**Problem to solve:**
Which of the lines below holds the string "Hubarbeitsbühnen"? Copy every line that does.

--- Provided records Enclosed Below ---

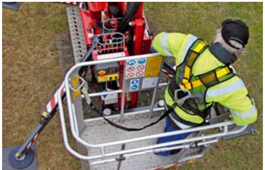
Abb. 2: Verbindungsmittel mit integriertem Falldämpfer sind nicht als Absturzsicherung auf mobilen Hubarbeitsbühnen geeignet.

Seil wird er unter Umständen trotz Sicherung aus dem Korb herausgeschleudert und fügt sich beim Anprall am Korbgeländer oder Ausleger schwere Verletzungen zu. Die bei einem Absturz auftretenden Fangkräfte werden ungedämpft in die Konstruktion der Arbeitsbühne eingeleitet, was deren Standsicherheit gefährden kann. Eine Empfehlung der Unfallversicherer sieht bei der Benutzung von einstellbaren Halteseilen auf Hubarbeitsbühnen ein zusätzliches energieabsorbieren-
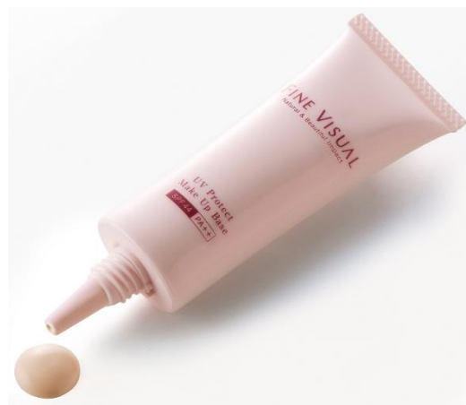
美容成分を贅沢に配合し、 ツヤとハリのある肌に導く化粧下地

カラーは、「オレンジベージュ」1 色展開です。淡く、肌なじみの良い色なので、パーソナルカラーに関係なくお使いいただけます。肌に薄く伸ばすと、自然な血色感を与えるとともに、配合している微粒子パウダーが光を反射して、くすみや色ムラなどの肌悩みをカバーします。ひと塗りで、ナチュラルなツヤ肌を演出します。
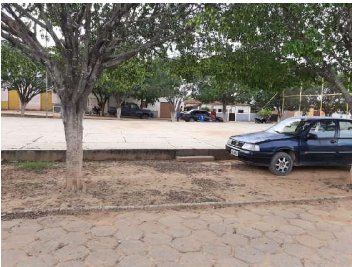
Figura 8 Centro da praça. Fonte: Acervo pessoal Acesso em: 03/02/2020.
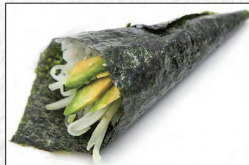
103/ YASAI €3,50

--- End of Enclosed Provided records ---

**Response area:**
Abb. 2: Verbindungsmittel mit integriertem Falldämpfer sind nicht als Absturzsicherung auf mobilen Hubarbeitsbühnen geeignet.
Seil wird er unter Umständen trotz Sicherung aus dem Korb herausgeschleudert und fügt sich beim Anprall am Korbgeländer oder Ausleger schwere Verletzungen zu. Die bei einem Absturz auftretenden Fangkräfte werden ungedämpft in die Konstruktion der Arbeitsbühne eingeleitet, was deren Standsicherheit gefährden kann. Eine Empfehlung der Unfallversicherer sieht bei der Benutzung von einstellbaren Halteseilen auf Hubarbeitsbühnen ein zusätzliches energieabsorbieren-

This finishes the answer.